Para o assessor técnico da entidade, Luiz Guilherme Câmara, a resolução no artigo sétimo, trata que os Municípios em que foi decretado estado de emergência ou de calamidade pública após 1º de janeiro de 2016.

“O que imaginávamos era que então, em fevereiro, se tivesse um decreto de emergência em vigência estaria resolvido quanto às formalizações. No caso citado da resolução subentende-se até 2018, incluindo o ano de 2017, que teve chuvas regulares praticamente em todo Norte de Minas. Além desta restrição artigo oitavo, parágrafo primeiro, cria-se outra situação que penaliza os produtores rurais desta região, que impõe ao mutuário a amortização de no mínimo duas parcelas subsequentes à formalização da renegociação, o que impede a contração de novos financiamentos”, diz.

A classe rural ainda está preocupada quanto às renegociações de dívidas rurais da área da Sudene.
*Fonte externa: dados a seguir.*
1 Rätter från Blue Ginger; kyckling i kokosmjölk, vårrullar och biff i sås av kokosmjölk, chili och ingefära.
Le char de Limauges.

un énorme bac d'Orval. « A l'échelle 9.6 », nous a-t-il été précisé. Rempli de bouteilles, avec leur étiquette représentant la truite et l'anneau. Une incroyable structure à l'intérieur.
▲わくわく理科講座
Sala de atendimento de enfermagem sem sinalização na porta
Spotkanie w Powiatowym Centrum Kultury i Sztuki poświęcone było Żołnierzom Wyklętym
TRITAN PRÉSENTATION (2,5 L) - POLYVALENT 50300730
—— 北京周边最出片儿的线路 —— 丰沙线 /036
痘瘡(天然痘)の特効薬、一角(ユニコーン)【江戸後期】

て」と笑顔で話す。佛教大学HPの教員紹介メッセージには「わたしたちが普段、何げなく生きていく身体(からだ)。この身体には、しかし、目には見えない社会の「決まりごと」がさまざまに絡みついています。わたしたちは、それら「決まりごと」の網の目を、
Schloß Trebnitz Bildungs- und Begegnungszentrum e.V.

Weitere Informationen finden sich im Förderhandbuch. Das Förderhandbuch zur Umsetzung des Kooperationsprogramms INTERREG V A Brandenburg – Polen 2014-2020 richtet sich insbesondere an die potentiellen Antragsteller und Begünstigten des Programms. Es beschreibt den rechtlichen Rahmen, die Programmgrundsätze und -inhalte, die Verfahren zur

“É o fato da derrubada de vetos na Lei 13.606/18, que trouxe esperança aos produtores desta região ficam apreensivos com a notícia do Estadão de SP, onde o Governo proíbe banco público de renegociar dívidas rurais de R$ 17 bi. Na reportagem, o Ministério da Fazenda diz que benefícios só serão bancados se houver previsão no Orçamento. Isso é seríssimo. Sem dinheiro em caixa, o Governo determinou que os bancos públicos não renegociem dívidas de produtores rurais”, afirma Luiz Guilherme.
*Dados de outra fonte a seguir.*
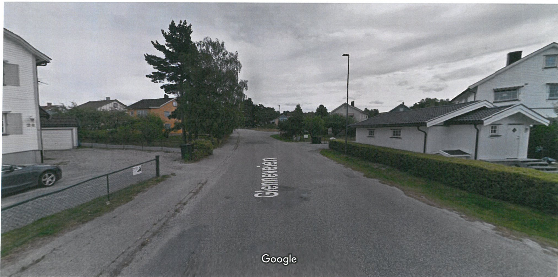
Bildet er tatt: jul. 2017 © 2019 Google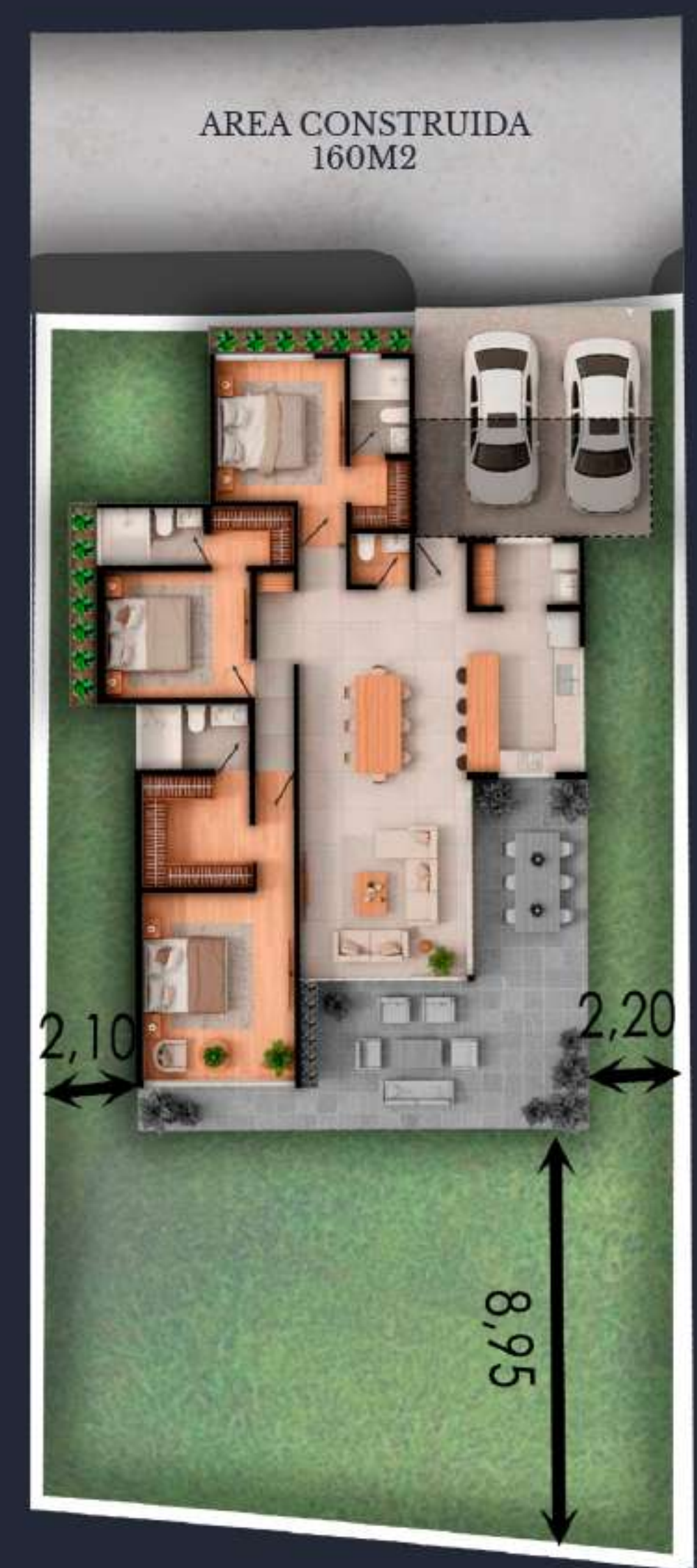
05 AREA DEL LOTE 465 M2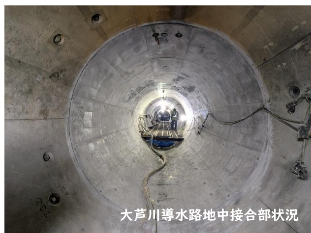
大芦川導水路地中接合部状況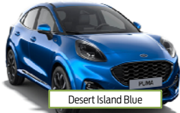
Desert Island Blue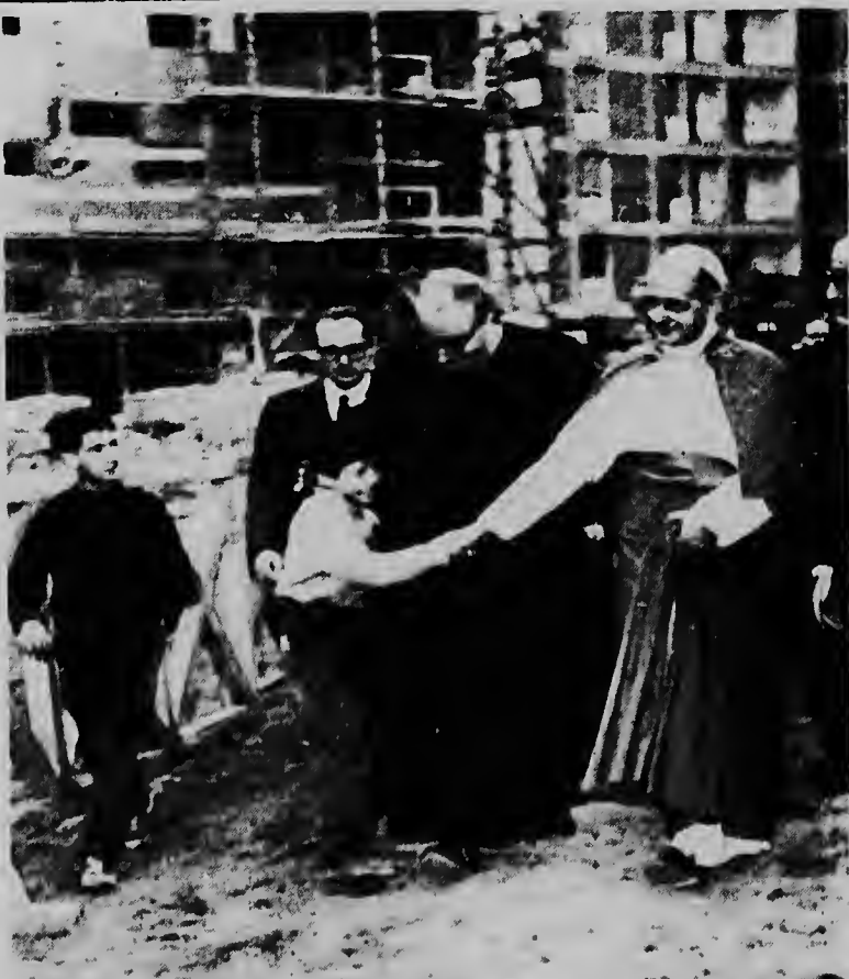
ROMA--Un mucha homber ta rek pa duna papa Paulo vi man, mientras e ta bishita un cas cu gobierno di Roma a traha pa hendenan pover.

LODI, CALIFORNIA--UPI--Don Elston, expitcher relevista di Cachorros di Chicago a ser designa manager di e equipo sucursal di Cachorros den Liga di California.

Ainda de acordo com o Estadão, a possibilidade de renegociação desses débitos, incluindo parcelas não vencidas, foi incluída na Lei 13.606, que criou o Refis do Funrural – uma espécie de contribuição previdenciária dos produtores rurais. A lei foi aprovada com uma série de artigos que permitiram a renegociação também de dívidas com bancos públicos, sem relação com o Funrural.
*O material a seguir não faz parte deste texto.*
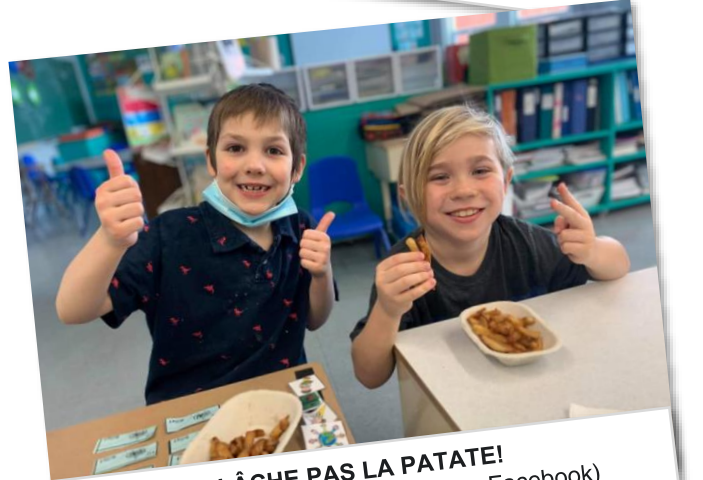
LÂCHE PAS LA PATATE! (École primaire St-Paul – Source Facebook)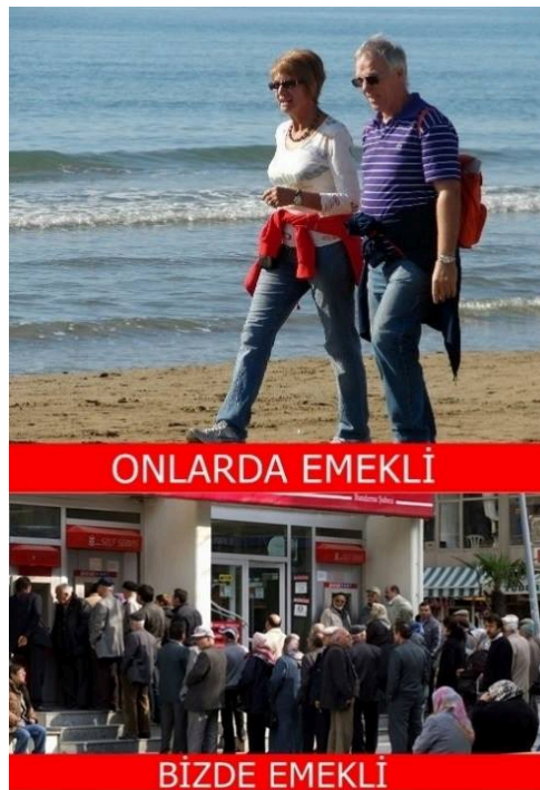
Şekil 3.13 Emekli

Örnek capste jenerik iki görsel kullanımı yoluyla Türkiye'nin sosyal bir sorununa yönelik eleştirel bir mesaj verilmeye çalışılmaktadır. Birinci görselde emeklilik çağında olabilecek iki batılının mutlu bir şekilde deniz kenarında yürüdükleri görülmektedir. Çift tatil yaparken gösterilmekte ve metin olarak da "ONLARDA EMEKLİ" ifadesi kullanılmaktadır. Capsi oluşturan ikinci görselde ise Türkiye'den pek de yabancı olmadığımız bir durumu anlatan bir fotoğraf kullanılmıştır. İlk görseldeki emekli çiftle aynı yaşta pek çok insan bir bankanın önünde maaş kuyruğunda beklemektedir. Bu bölümde kullanılan metinsel öge de "BİZDE EMEKLİ"dir. Capste Türkiye'deki emeklilerle batılı emekliler arasındaki ekonomik statü farklılığına ve Türkiye'nin sosyal devlet olarak vatandaşlarına emekliliklerinde gereken refahı sağlayamadığına dair bir tespit yapılmaktadır. Batılı emekliler tatil yaparken Türkiye'dekiler maaş kuyruğunda beklemektedirler. Örnek capste verilmek istenen mesaj iki birbirinden bağımsız fotoğrafın metinsel bağlamda birbirlerine zıtlık inşa edecek şekilde bir

Consta no texto, que o “Ministério da Fazenda, porém, enviou comunicado aos bancos para proibir a renegociação, já que não há previsão no Orçamento para bancar a “bondade”. O texto diz que o Tesouro não reconhecerá essas operações até que tenha sido aprovado no Congresso orçamento para pagar os custos dos subsídios”.

O receio do presidente ruralista é que o benefício tenha sido em lei disponibilizado ao produtor rural e, de fato, está no “stand by”.

“Em outras palavras, deu com uma mão e está querendo tirar com a outra. E nesse sentido mobilizamos novamente as entidades e lideranças do Nordeste para sensibilizar autoridades econômicas que a situação que os produtores estão passando e uma particularidade dentro do contexto da própria lei e resolução, pois esta região ainda não saiu do prejuízo críico provocado pela seca”, encerra.